Another group that stands in society’s way on its path to trans acceptance might surprise you: a small but vocal minority of feminists. Mainstream feminists have long accepted trans people and our gender identities. But other more radical or gender critical feminists make many of the same arguments that conservative religious authorities make. They say trans people pose a moral and ethical threat to society. That we are mentally disordered and self-hating. That we deceive others and even ourselves about who we “really” are. They reinforce the gender binary, rather than blur and disrupt it.
This small group of feminists and religious leaders have set themselves up as judges for who is a man or a woman. They’re like gender police. The order they believe in is biological essentialism. That biology equals destiny. Now I can’t win with these gender police. If I’m too masculine, they say. “Oh, well you’re really a man.” If I’m too feminine, they say “You’re really a man who is perpetuating stereotypes and hates women.”
Tyranny of the Binary.
Their voices get amplified far beyond their numbers because of other holdouts making a last stand. These holdouts in religion, law, medicine, and media gladly give platforms and support to anti-transgender views, often while denying us the chance to respond. They misrepresent and vilify us. They even attack the parents who love and support young trans children.
They say our activism has gone “too far.” But I say we haven’t gone far enough. Because this goes far beyond gender identity.
Being transgender is not a sin, or a crime, or a disease, or a joke. It is a great gift. We are living our dreams, like the generations of transgender people before us. Their hard work and suffering allowed me to stand before you tonight with this message. We exist in every society. Every language has a name for us. Many societies have an honored place for us. We’re artists. We’re spiritual leaders. We are healers.

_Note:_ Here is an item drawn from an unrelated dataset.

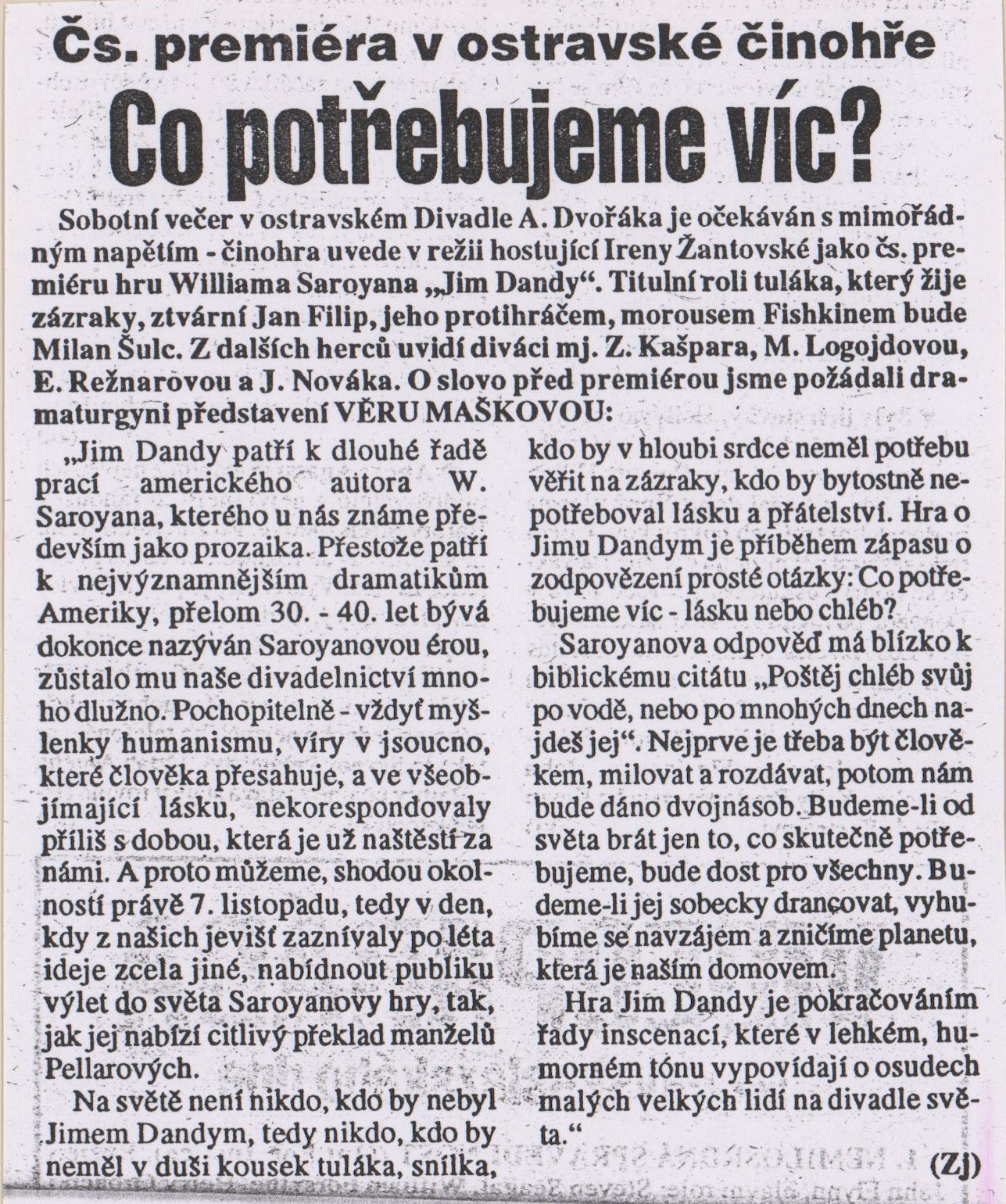 | 7.11.1992 | 19:00 | Divadlo Antonína Dvořáka | Premiéra | zobrazit detail | |

So I come to you tonight with a message of healing.
Each of you contains multitudes. You are more than just your body parts. You are more than just your experiences. You are more than just a bunch of simplified labels.
Each of you can transcend the oppressive roles under which we all labor in society. That is the promise of the future that trans people embody now.
Dare to imagine a society where we don’t blindly accept limitations imposed on our bodies and minds. Where we are no longer limited by the accident of our birth.
The path to that accepting society begins by recognizing and honoring our differences.
And acceptance does not come from society. Acceptance comes from each of you.
I’m no longer nervous. I’m full of hope, not fear. And I hope you are, too. Thank you very much.